Specifies the input teradataml DataFrame.
Types: teradataml DataFrame
observation_column:
Required Argument.
Specifies the column name in "data" containing observation labels.
Types: str
prediction_column:
Required Argument.
Specifies the column name in "data" containing predicted labels.
Types: str
metrics:
Optional Argument.
Specifies the list of evaluation metrics. The function returns
the following metrics if the list is not provided:
MAE:
Mean absolute error (MAE) is the arithmetic average of the
absolute errors between observed values and predicted values.
MSE:
Mean squared error (MSE) is the average of the squares of
the errors between observed values and predicted values.
MSLE:
Mean Square Log Error (MSLE) is the relative difference
between the log-transformed observed values and predicted
values.
MAPE:
Mean Absolute Percentage Error (MAPE) is the mean or
average of the absolute percentage errors of forecasts.
MPE:
Mean percentage error (MPE) is the computed average
of percentage errors by which predicted values differ from
observed values.
RMSE:
Root means squared error (MSE) is the square root of the
average of the squares of the errors between observed
values and predicted values.
RMSLE:
Root means Square Log Error (MSLE) is the square root
of the relative difference between the log-transformed
observed values and predicted values.
R2:
R Squared (R2) is the proportion of the variation in the
dependent variable that is predictable from the independent
variable(s).
AR2:
Adjusted R-squared (AR2) is a modified version of R-squared
that has been adjusted for the independent variable(s) in
the model.
EV:
Explained variation (EV) measures the proportion to which
a mathematical model accounts for the variation (dispersion)
of a given data set.
ME:
Max-Error (ME) is the worst-case error between observed
values and predicted values.
MPD:
Mean Poisson Deviance (MPD) is equivalent to Tweedie
Deviances when the power parameter value is 1.
MGD:
Mean Gamma Deviance (MGD) is equivalent to Tweedie
Deviances when the power parameter value is 2.
FSTAT:
F-statistics (FSTAT) conducts an F-test. An F-test
is any statistical test in which the test statistic has an
F-distribution under the null hypothesis.
* F_score:
F_score value from the F-test.
* F_Critcialvalue:
F critical value from the F-test. (alpha, df1, df2,
UPPER_TAILED), alpha = 95%
* p_value:
Probability value associated with the F_score value
(F_score, df1, df2, UPPER_TAILED)
* F_conclusion:
F-test result, either 'reject null hypothesis' or
'fail to reject null hypothesis'. If F_score >
F_Critcialvalue, then 'reject null hypothesis'
Else 'fail to reject null hypothesis'
Types: str OR list of strs
independent_features_num:
Optional Argument.
Specifies the number of independent variables in the model.
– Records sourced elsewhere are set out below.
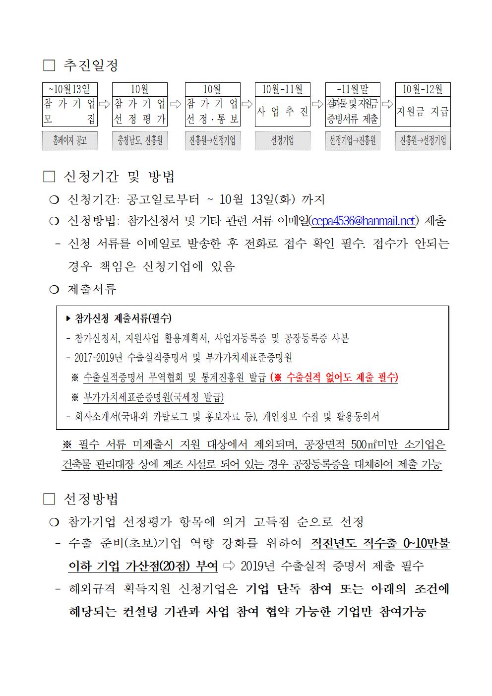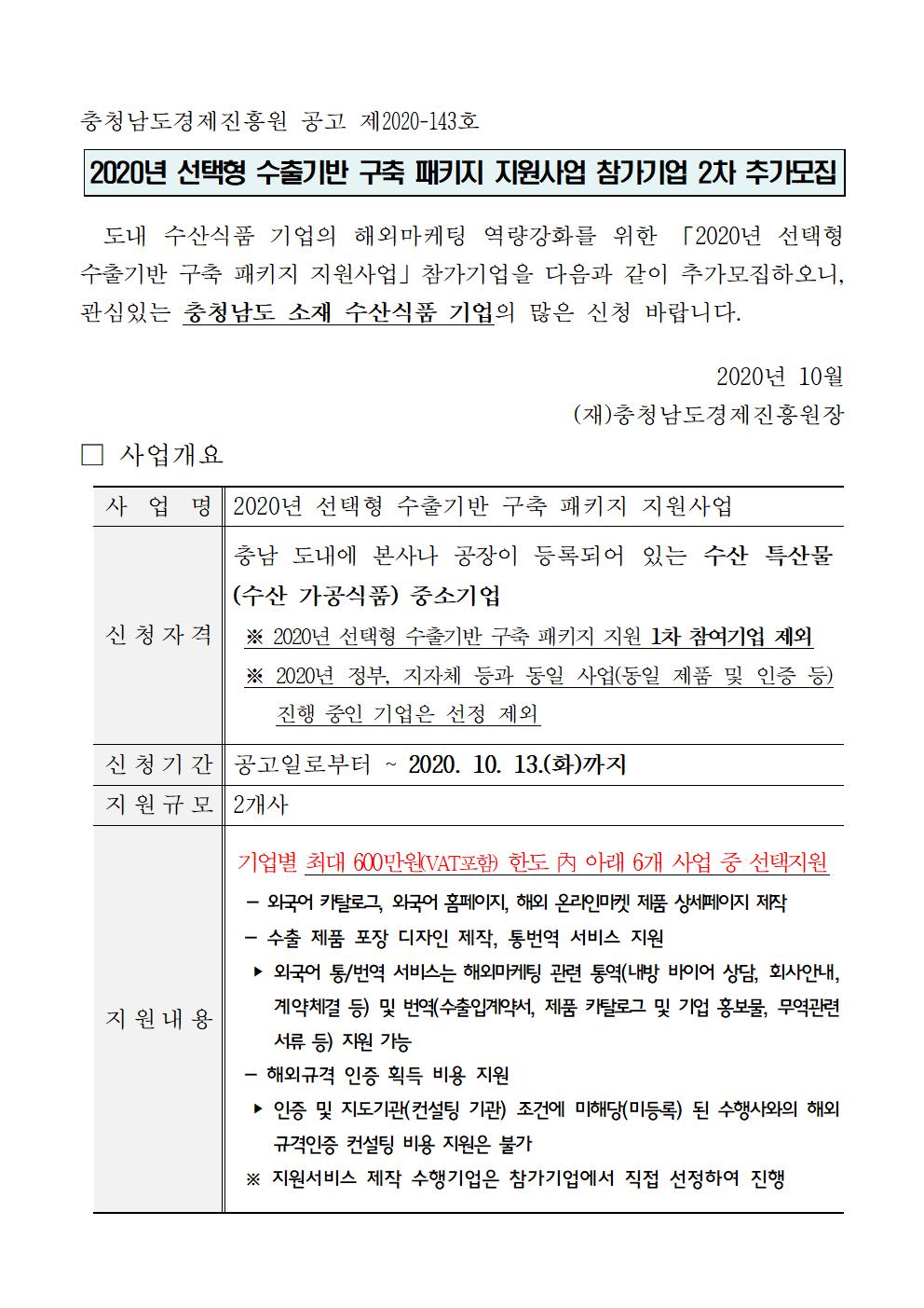 | 2020년 선택형 수출기반 구축 패키지 지원사업 참가기업 2차 추가모집공고 |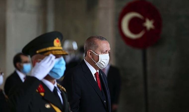 Erdoğan'ın beraberinde TBMM Başkanı Mustafa Şentop, bakanlar, CHP Genel Başkanı Kemal Kılıçdaroğlu, MHP Genel Başkanı Devlet Bahçeli, İYİ Parti Genel Başkanı Meral Akşener ve yüksek yargı üyeleri de Anıtkabir'deki törene katıldı.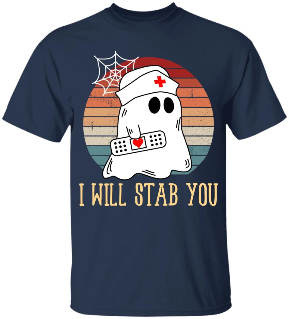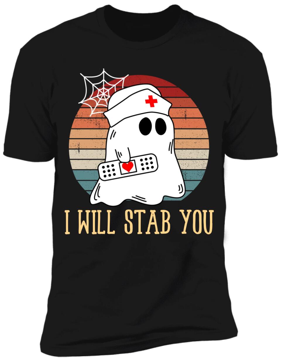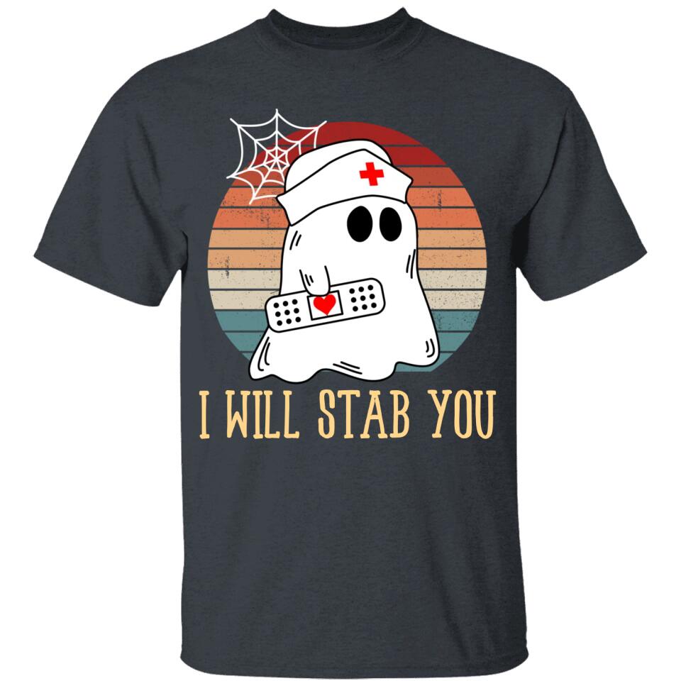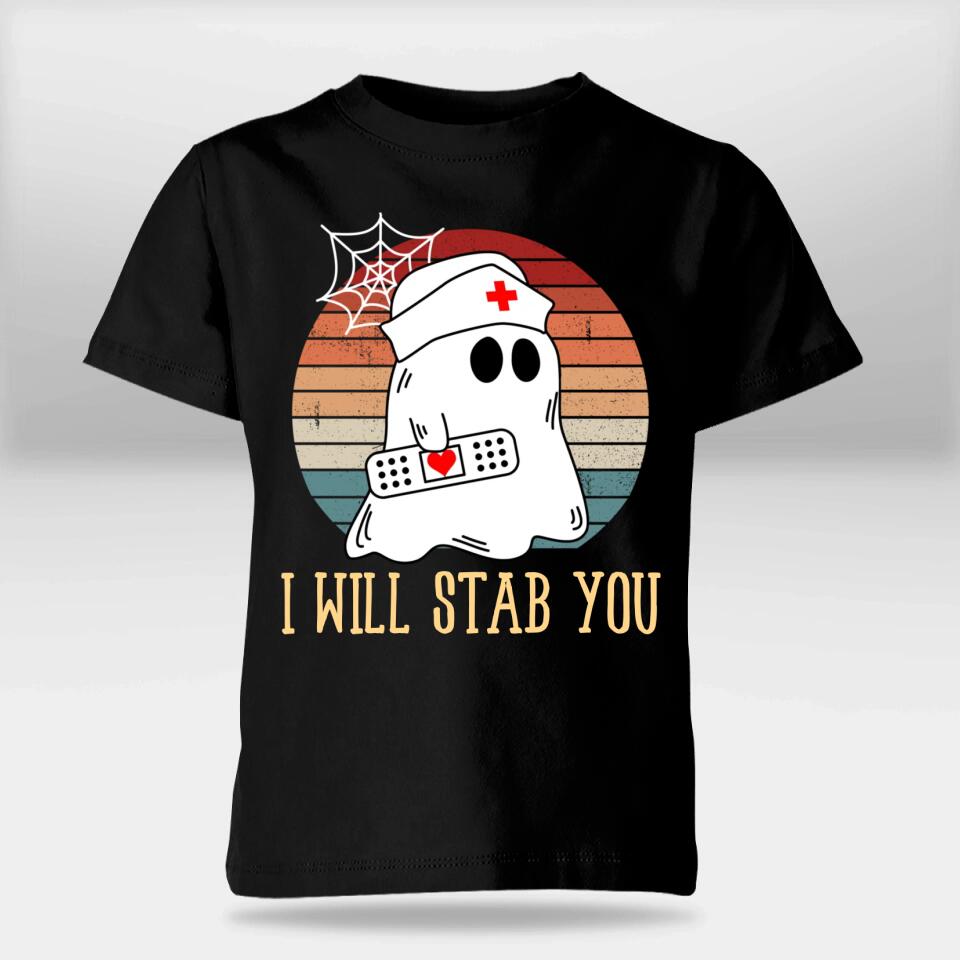 I Will Stab You Ghost Nurse Retro Funny Halloween For Nurses Shirt. Perfect gift idea for Birthday, Party, Vacation or Any Occasion, Holidays, Halloween, Christmas…Designed, printed, and shipped from the United States.
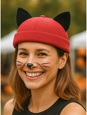 Gorro con orejas de gato para Halloween para mujer: bonito gorro de cosplay con correa ajustable, diseño de orejas de gatito de tela suave para fiestas, festivales y disfraces.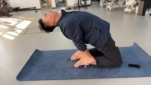 动作要领:双膝跪地,小腿脚背贴地,臀部向后做与脚后跟上,身体前倾使胸部贴住大腿,放松腰背肌肉,缓解肌肉僵硬。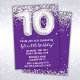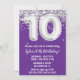 Purple and silver 10th Birthday party invitation age 10 birthday invitation with black white silver with modern script writing and fun foil balloons.

Required with Adjusted R Squared metric, else ignored.
Types: int
freedom_degrees:
Optional Argument.
Specifies the numerator degrees of freedom (df1) and denominator
degrees of freedom (df2). Required with fstat metric, else ignored.
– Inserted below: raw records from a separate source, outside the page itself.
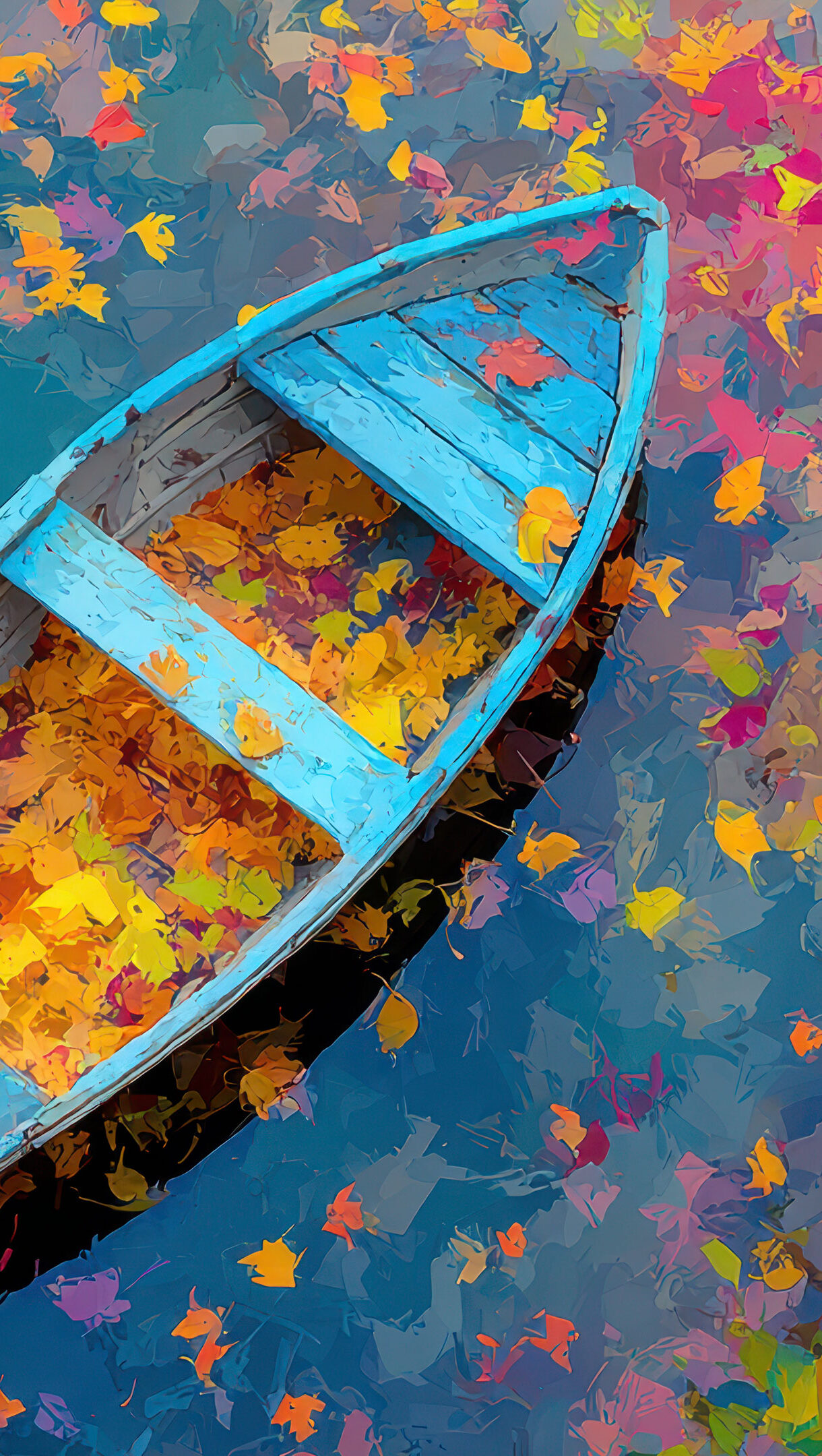 A mesmerizing 4K wallpaper featuring a weathered blue boat floating on serene water. The boat is partly filled and surrounded by a vibrant tapestry of colorful autumn leaves, reflecting the rich hues of the season.
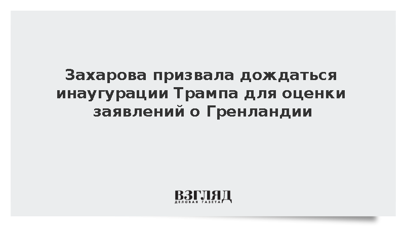 Официальный представитель МИД России Мария Захарова призвала воздержаться от комментариев по заявлениям избранного президента США Дональда Трампа о Канаде и Гренландии до его официального вступления в должность.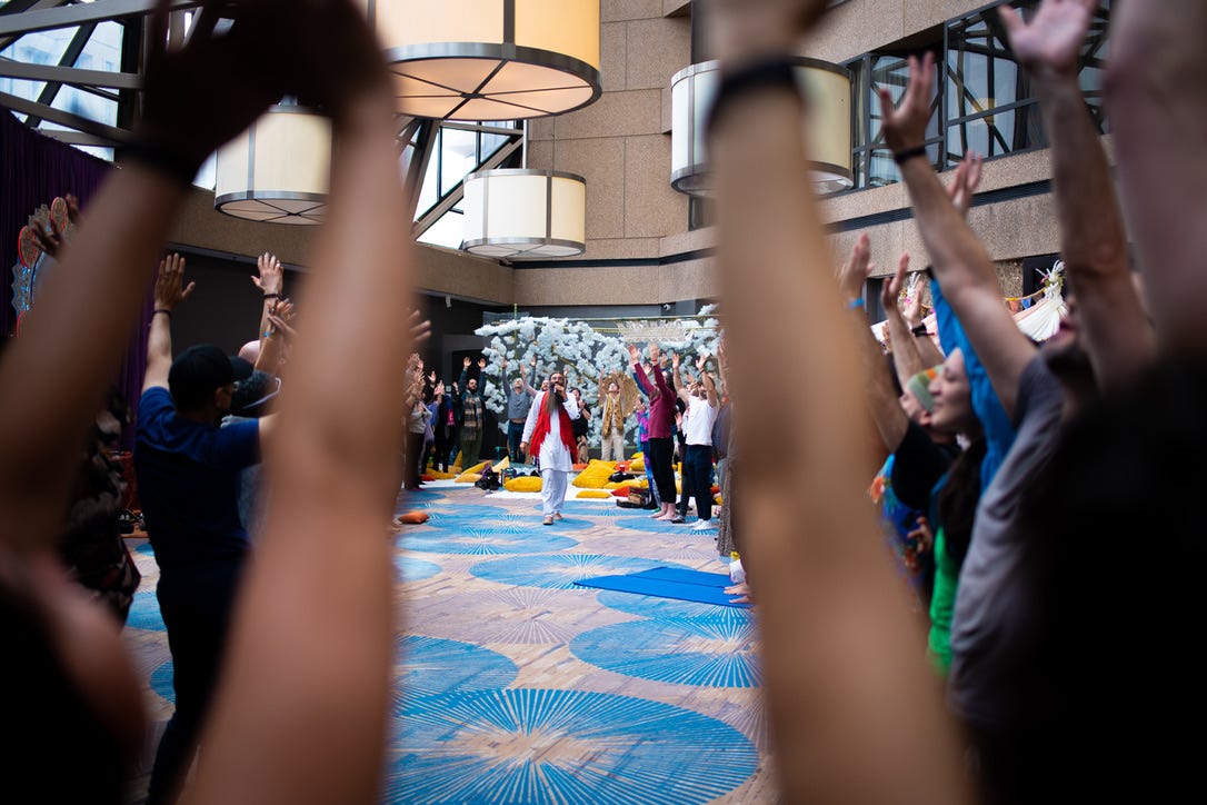 The evening ecstatic dance became a wave of shared invocation. The dance floor reverberated with a Jai Mahadeva call-and-response that threaded its way through the entire set—voices rising, dissolving, and returning again.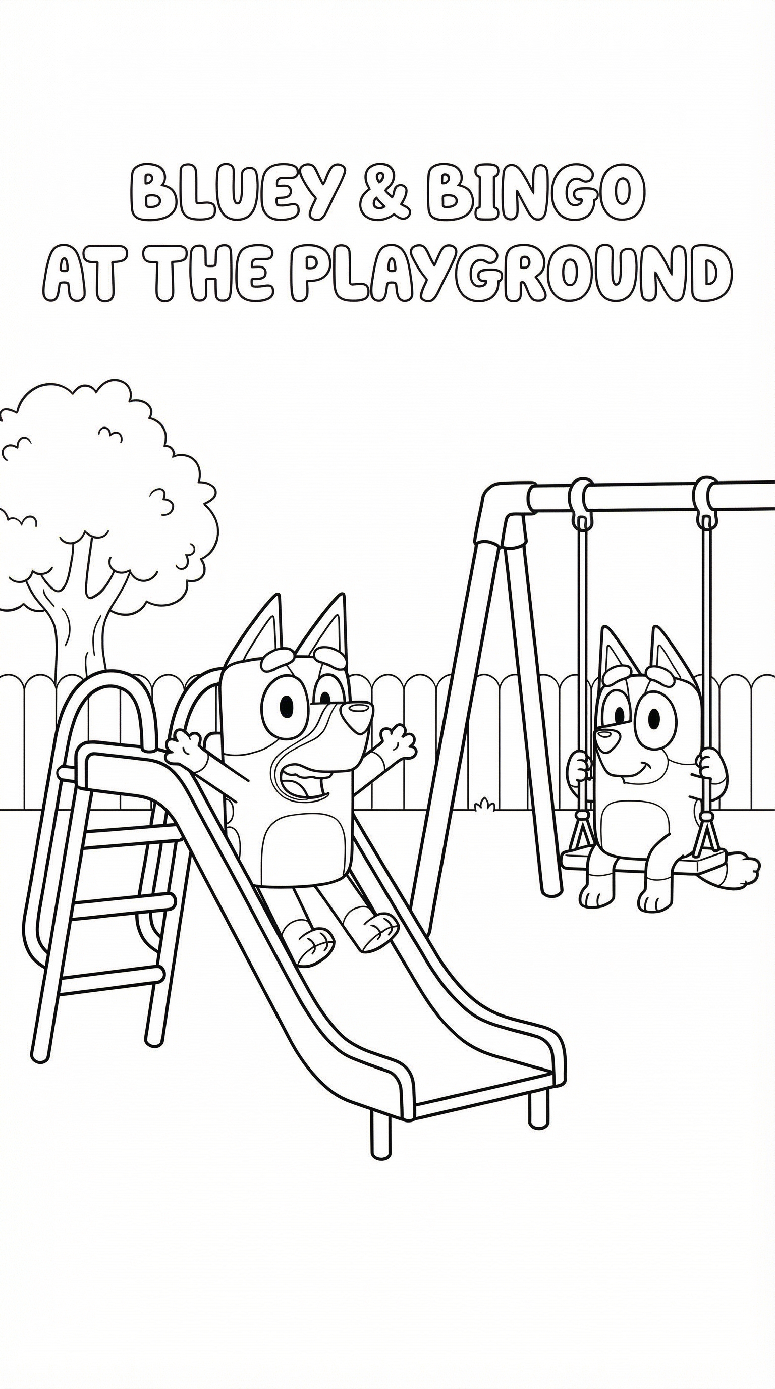Bluey and Bingo at the Playground is a free printable coloring page from our Bluey Coloring Pages collection. It’s suitable for kids ages 6-8 and can be downloaded as PDF or image directly at home. No account required — just click Download PDF or Download image above.

Types: int OR list of ints
**generic_arguments:
Specifies the generic keyword arguments SQLE functions accept. Below
are the generic keyword arguments:
persist:
Optional Argument.
Specifies whether to persist the results of the
function in a table or not. When set to True,
results are persisted in a table; otherwise,
results are garbage collected at the end of the
session.
Default Value: False
Types: bool
volatile:
Optional Argument.
Specifies whether to put the results of the
function in a volatile table or not. When set to
True, results are stored in a volatile table,
otherwise not.
Default Value: False
Types: bool
Function allows the user to partition, hash, order or local
order the input data. These generic arguments are available
for each argument that accepts teradataml DataFrame as
input and can be accessed as:
* "<input_data_arg_name>_partition_column" accepts str or
list of str (Strings)
* "<input_data_arg_name>_hash_column" accepts str or list
of str (Strings)
* "<input_data_arg_name>_order_column" accepts str or list
of str (Strings)
* "local_order_<input_data_arg_name>" accepts boolean
Note:
These generic arguments are supported by teradataml if
the underlying SQL Engine function supports, else an
exception is raised.
RETURNS:
Instance of RegressionEvaluator.
Output teradataml DataFrames can be accessed using attribute
references, such as RegressionEvaluatorObj.<attribute_name>.
Output teradataml DataFrame attribute name is:
result
RAISES:
TeradataMlException, TypeError, ValueError
EXAMPLES:
# Notes:
# 1. Get the connection to Vantage to execute the function.
# 2. One must import the required functions mentioned in
# the example from teradataml.
# 3. Function will raise error if not supported on the Vantage
# user is connected to.
from teradataml import valib
# Set the 'configure.val_install_location' variable.
from teradataml import configure
configure.val_install_location = "val"
# Create required teradataml DataFrame.
# Load the example data.
load_example_data("teradataml", "titanic")
# Create teradataml DataFrame objects.
titanic = DataFrame.from_table("titanic")
# First generate linear regression model using LinReg() function from 'valib'.
lin_reg_obj = valib.LinReg(data=titanic,
columns=["age", "survived", "pclass"],
response_column="fare")
# Score the data using the linear regression model generated above.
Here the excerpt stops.